(Materials provided):
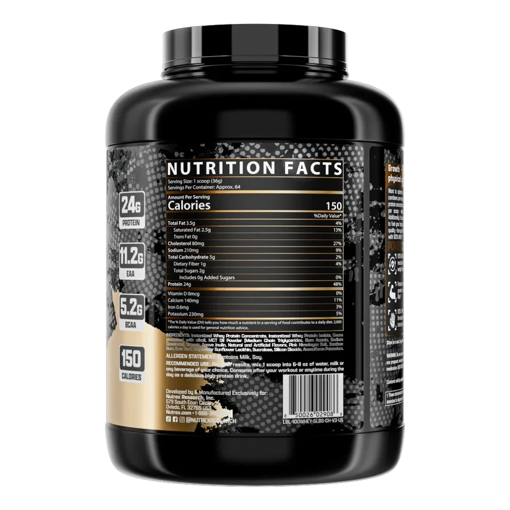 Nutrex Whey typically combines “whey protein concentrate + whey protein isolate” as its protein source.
---
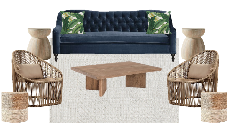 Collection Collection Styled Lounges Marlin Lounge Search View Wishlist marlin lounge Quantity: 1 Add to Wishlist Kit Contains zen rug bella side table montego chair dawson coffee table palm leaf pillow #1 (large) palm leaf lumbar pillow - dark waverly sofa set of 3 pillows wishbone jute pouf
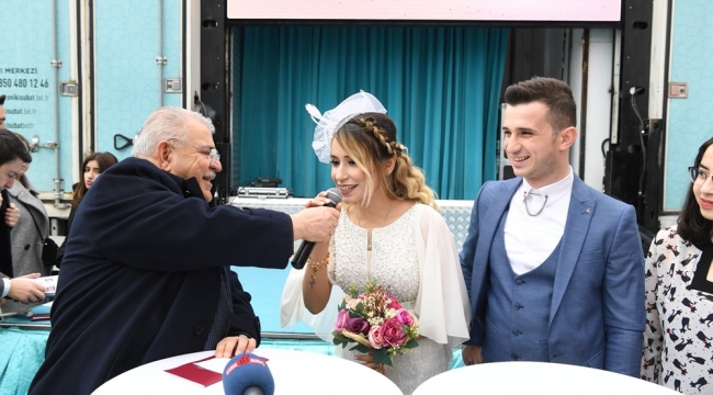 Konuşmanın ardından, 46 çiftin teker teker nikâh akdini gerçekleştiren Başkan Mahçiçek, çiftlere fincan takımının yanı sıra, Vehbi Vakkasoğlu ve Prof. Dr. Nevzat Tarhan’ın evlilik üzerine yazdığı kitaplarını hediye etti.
* * *
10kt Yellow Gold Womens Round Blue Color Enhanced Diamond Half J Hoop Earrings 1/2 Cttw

(Problem statement):
Your copy should hold only the lines above from the one containing "Collection Collection Styled" through the one containing "Konuşmanın ardından, 46", exactly as written and free of pictures.

(Answer section):
 Collection Collection Styled Lounges Marlin Lounge Search View Wishlist marlin lounge Quantity: 1 Add to Wishlist Kit Contains zen rug bella side table montego chair dawson coffee table palm leaf pillow #1 (large) palm leaf lumbar pillow - dark waverly sofa set of 3 pillows wishbone jute pouf
 Konuşmanın ardından, 46 çiftin teker teker nikâh akdini gerçekleştiren Başkan Mahçiçek, çiftlere fincan takımının yanı sıra, Vehbi Vakkasoğlu ve Prof. Dr. Nevzat Tarhan’ın evlilik üzerine yazdığı kitaplarını hediye etti.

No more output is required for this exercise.